*Given records*
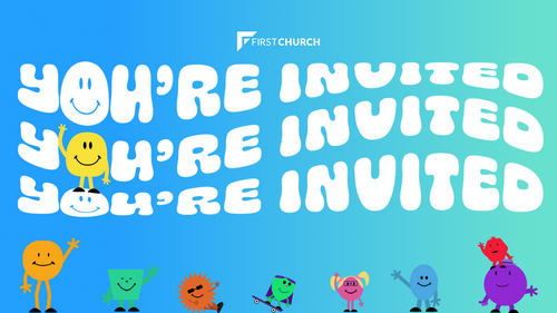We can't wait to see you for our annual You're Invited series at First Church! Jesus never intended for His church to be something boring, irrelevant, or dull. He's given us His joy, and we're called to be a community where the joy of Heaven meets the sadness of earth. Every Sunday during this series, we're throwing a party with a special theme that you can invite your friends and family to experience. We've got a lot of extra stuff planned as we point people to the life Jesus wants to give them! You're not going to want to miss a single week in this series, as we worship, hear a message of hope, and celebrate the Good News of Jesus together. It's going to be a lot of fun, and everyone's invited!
---
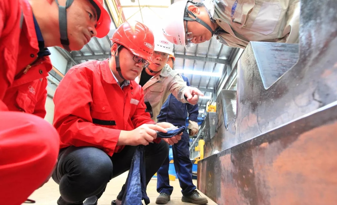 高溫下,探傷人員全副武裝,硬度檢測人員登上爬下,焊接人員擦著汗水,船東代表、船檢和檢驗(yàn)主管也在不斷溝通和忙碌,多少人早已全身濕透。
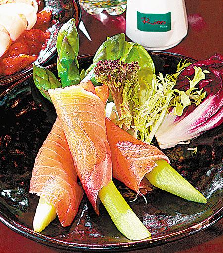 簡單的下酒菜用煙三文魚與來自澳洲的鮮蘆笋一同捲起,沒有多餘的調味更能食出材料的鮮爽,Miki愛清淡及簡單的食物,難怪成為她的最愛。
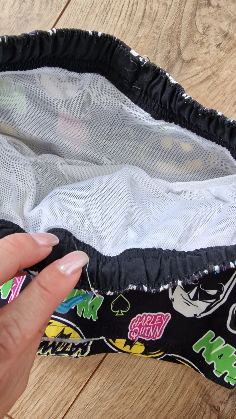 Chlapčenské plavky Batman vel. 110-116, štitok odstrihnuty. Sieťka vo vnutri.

*What this task involves*
Copy out the listing above from the line containing "高溫下,探傷人員全副武裝,硬" to the line containing "Chlapčenské plavky Batman", both included, exactly as written and minus the images.

*Your solution*
 高溫下,探傷人員全副武裝,硬度檢測人員登上爬下,焊接人員擦著汗水,船東代表、船檢和檢驗(yàn)主管也在不斷溝通和忙碌,多少人早已全身濕透。
 簡單的下酒菜用煙三文魚與來自澳洲的鮮蘆笋一同捲起,沒有多餘的調味更能食出材料的鮮爽,Miki愛清淡及簡單的食物,難怪成為她的最愛。
 Chlapčenské plavky Batman vel. 110-116, štitok odstrihnuty. Sieťka vo vnutri.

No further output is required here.